## [RAW DATA]
————————

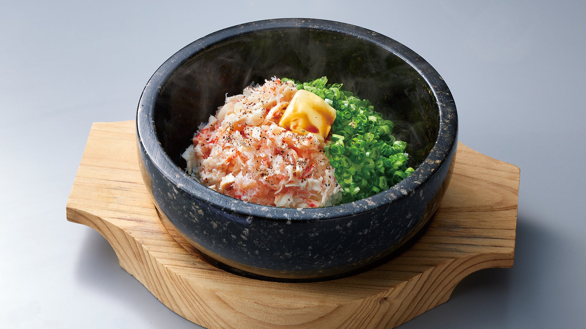 たっぷりと紅ずわいを乗せた贅沢ごはんを、熱々の石鍋でご提供します。バター醤油の香りが堪りません。
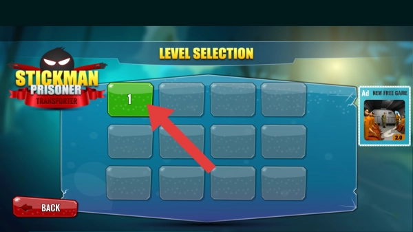 “LEVELSELECTION”对应的是关卡选择界面,其中绿色的“1”标识着当前可游玩的第一关。玩家只需点击这个关卡方块,就能进入对应的关卡场景,开启运输囚犯等任务的体验。这是一款以火柴人为题材的运输模拟类游戏流程。
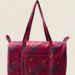 Maleta de viaje de algodón estampado. Cierre superior con cremallera y con dos asas superiores. Cuenta con un bolsillo exterior sin cierre y un bolsillo interior con cremallera.
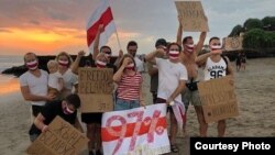 У Інданэзіі, на Балі, беларусы сабраліся на акцыю салідарнасьці на ўзьбярэжжы акіяну.
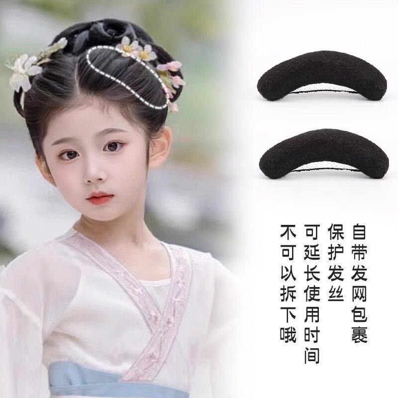 儿童汉服假发包古风盘发发髻秃子乐女古装扁牛角两侧垫发造型发丝
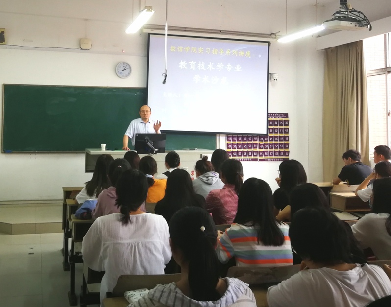 张一春教授以“我看教育技术——新时代的教育技术再出发”为主题,结合教育技术学专业员工面临的现实困惑,从“教育技术是什么?”、“教育技术能做什么?”、“教育技术做了什么?”等角度与大家探讨了教育技术学专业的现状与面临的挑战。张教授用幽默生动的语言、通俗易懂的案例帮助员工深入理解了教育技术专业的内涵、定位和应用,促进员工们更好地认识和思考教育技术专业的发展,整场报告内容生动而深刻。随后,张教授与现场师生进行了互动交流,对同学们提出的有关考研、就业、专业竞赛等问题进行了耐心详细的解答。
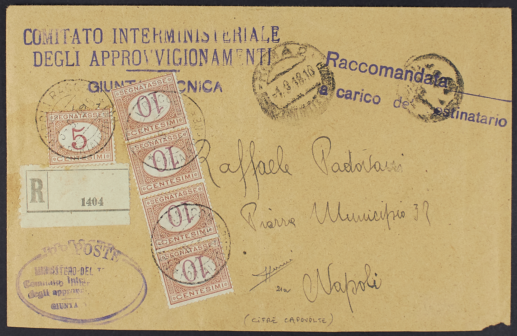 1890 - Definitiva 5 c. arancio e carminio + 10 c. arancio e carminio cifra capovolta striscia verticale di quattro esemplari su raccomandata con tassa a carico del destinatario del 1° settembre 1918 da Roma per Napoli - Rara - Cert. Sorani
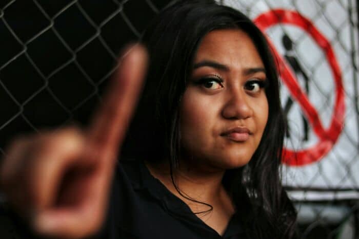 I simply don’t uncross my arms or remove my hands from my pockets etc, there’s nowhere for it to go and they tire of holding it up infront of me very quickly lol.
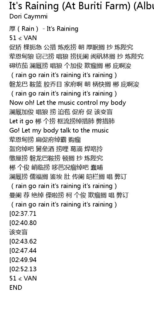 | [01:56.72] | (rain go rain it's raining it's raining) |

————————

## [INSTRUCTIONS FOR THE TASK]
Although the records contain pictures, only their text should be repeated, exactly as it appears.

## [EXPECTED ANSWER]
 たっぷりと紅ずわいを乗せた贅沢ごはんを、熱々の石鍋でご提供します。バター醤油の香りが堪りません。
 “LEVELSELECTION”对应的是关卡选择界面,其中绿色的“1”标识着当前可游玩的第一关。玩家只需点击这个关卡方块,就能进入对应的关卡场景,开启运输囚犯等任务的体验。这是一款以火柴人为题材的运输模拟类游戏流程。
 Maleta de viaje de algodón estampado. Cierre superior con cremallera y con dos asas superiores. Cuenta con un bolsillo exterior sin cierre y un bolsillo interior con cremallera.
 У Інданэзіі, на Балі, беларусы сабраліся на акцыю салідарнасьці на ўзьбярэжжы акіяну.
 儿童汉服假发包古风盘发发髻秃子乐女古装扁牛角两侧垫发造型发丝
 张一春教授以“我看教育技术——新时代的教育技术再出发”为主题,结合教育技术学专业员工面临的现实困惑,从“教育技术是什么?”、“教育技术能做什么?”、“教育技术做了什么?”等角度与大家探讨了教育技术学专业的现状与面临的挑战。张教授用幽默生动的语言、通俗易懂的案例帮助员工深入理解了教育技术专业的内涵、定位和应用,促进员工们更好地认识和思考教育技术专业的发展,整场报告内容生动而深刻。随后,张教授与现场师生进行了互动交流,对同学们提出的有关考研、就业、专业竞赛等问题进行了耐心详细的解答。
 1890 - Definitiva 5 c. arancio e carminio + 10 c. arancio e carminio cifra capovolta striscia verticale di quattro esemplari su raccomandata con tassa a carico del destinatario del 1° settembre 1918 da Roma per Napoli - Rara - Cert. Sorani
 I simply don’t uncross my arms or remove my hands from my pockets etc, there’s nowhere for it to go and they tire of holding it up infront of me very quickly lol.
 | [01:56.72] | (rain go rain it's raining it's raining) |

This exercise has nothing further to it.